So how do you go about dealing with sensitive data? Keep it secure, transfer securely, provide access under strict licences and controls in dat enclaves, aggregate, de-identify, anonymise, there are plenty of tricks in the book. That’s the topic of the 4th Research Data Management Forum starting tomorrow in Manchester. I’ll hope to have more to write about what we learn later.

A Blue Ribbon for Sustainability?

When we talk about long term digital preservation, about access for the future, about the digital records of science, or of government, or of companies, or the designs of ships or aircraft, the locations of toxic wastes, and so on being accessible for tens or hundreds of years, we are often whistling in the dark to keep the bogeys at bay. These things are all possible, and increasingly we know how to achieve them technically. But much more than non-digital forms, the digital record needs to be continuously sustained, and we just don’t know how to assure that. Providing future access to digital records needs action now and into that future to provide a continuous flow of the necessary will, community participation, energy and (not least) money. Future access requires a sustainable infrastructure. Ensuring sustainability is one of the major unsolved problems in providing future access through digital preservation.

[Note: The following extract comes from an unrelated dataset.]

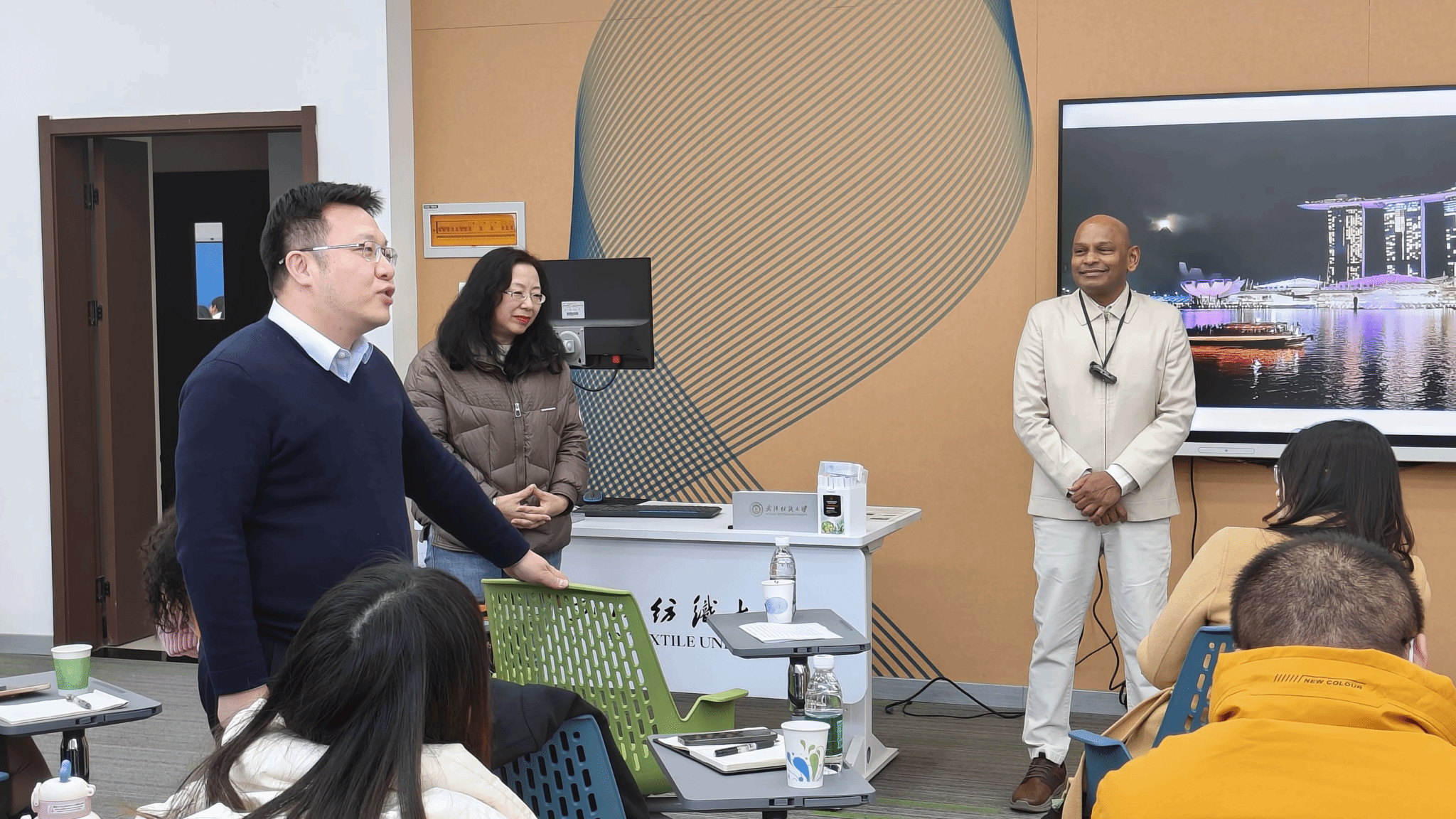 刘延波教授首先介绍了拉马克瑞斯纳·西拉姆教授的科研、工作经历,并对他的出席表示了热烈欢迎。讲座中,拉马克瑞斯纳·西拉姆教授讲到了几千年来各类纤维的发现和合成,以及在人类文明的进步中它的变化和运用。对于纤维的发展未来,他指出,现代科学的快速进步以及减缓气候变化的努力目标早已奠定了基础,即“智能纤维和可持续纤维”。“物质的循环”是地球生物圈功能良好的一个核心特征,这是一个巨大的事实。拉马克瑞斯纳·西拉姆教授提出,拥抱物质,循环经济,使我们能够与自然和谐相处。在未来,可持续的纤维能通过循环经济和减少相关的温室气体(GHG)排放、浪费和资源消耗来促进健康的生活环境。拉马克瑞斯纳·西拉姆教授和参会的师生就相关纤维问题进行了热烈的交流,为师生们答疑解惑。参会师生表示讲座内容精彩丰富,收获良多。最后,参会师生对拉马克瑞斯纳·西拉姆教授表示了诚挚感谢,并合影留念。

For the past two years I have been lucky enough to be a member of the grandly named Blue Ribbon Task Force on Sustainable Digital Preservation and Access, along with a stellar cast of experts in preservation, in the library and archives worlds, in data, in movies… and in economics. C0-chaired by Fran Berman (previously of SDSC, now of RPI) and Brian Lavoie of OCLC, the Task Force produced an Interim Report (PDF) a year ago, and has just released its Final Report (Sustainable Economics for a Digital Planet: Ensuring Long-Term Access to Digital Information, also PDF). (The Task Force was itself sustained by an equally stellar cast of sponsors, including the US National Science Foundation and the Andrew W. Mellon Foundation, in partnership with the Library of Congress, the UK’s JISC, the Council on Library and Information Resources, and NARA.)

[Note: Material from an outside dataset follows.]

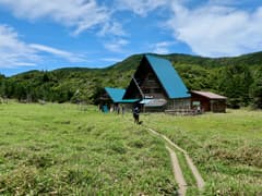 やがて谷が開けて笹原が広がると、大きな青い三角屋根の縞枯山荘が建つ。この山荘も麦草山荘と同じくレトロな味わいのある山小屋だ。ここまでは観光客もやって来ている。
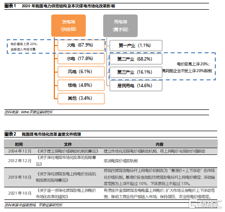 2021年10月11日,國家發改委印發《關於進一步深化燃煤發電上網電價市場化改革的通知》。其主要內容包括:1)有序放開全部燃煤發電電量上網電價。燃煤發電電量原則上全部進入電力市場,通過市場交易在“基準價+上下浮動”範圍內形成上網電價。現行燃煤發電基準價繼續作爲新能源發電等價格形成的掛鉤基準。2)擴大市場交易電價上下浮動範圍。將燃煤發電市場交易價格浮動範圍由現行的上浮不超過10%、下浮原則上不超過15%,擴大爲上下浮動原則上均不超過20%,高耗能企業市場交易電價不受上浮20%限制。電力現貨價格不受上述幅度限制。3)推動工商業用戶都進入市場。各地要有序推動工商業用戶全部進入電力市場,按照市場價格購電,取消工商業目錄銷售電價。目前尚未進入市場的用戶,10千伏及以上的用戶要全部進入,其他用戶也要儘快進入。4)保持居民、農業用電價格穩定。居民(含執行居民電價的學校、社會福利機構、社區服務中心等公益性事業用戶)、農業用電由電網企業保障供應,執行現行目錄銷售電價政策。各地要優先將低價電源用於保障居民、農業用電(圖表1)。

Sustainability is often equated to keeping up the money supply, but we think it’s much more than that. The Task Force specifically looks at economic sustainability; it says early in the Executive Summary that it’s about

… mobilizing resources—human, technical, and financial—across a spectrum of stakeholders diffuse over both space and time.”

If you want a FAQ on funding your project over the long term you won’t find it here. Nor will you find a list of benefactors, or pointers to tax breaks, or arguments for your Provost. Instead you should find a report that helps you think in new ways about sustainability, and apply that new thinking to your particular domain. For one of our major conclusions is that there are no general, across the board answers.

One of the great things about this Task Force was its sweeping ambition. Not just content with bringing together a new economics of sustainable digital preservation, but thinking so broadly. This was never about some few resources, or this Repository or that Archive, it was about the preservation and long term access of major areas of our intellectual life, like scholarly communication, like research data, like commercially owned cultural content (the movie industry is part of this), and the blogosphere and variants (collectively produced web content). Looking at those four areas holistically rather than as fragments forced us to recognise how different they are, and how much those differences affect their sustainability. They aren’t the only areas, and indeed further work on other areas would be valuable, but they were enough to make the Task Force think differently from any activity I have taken part in before.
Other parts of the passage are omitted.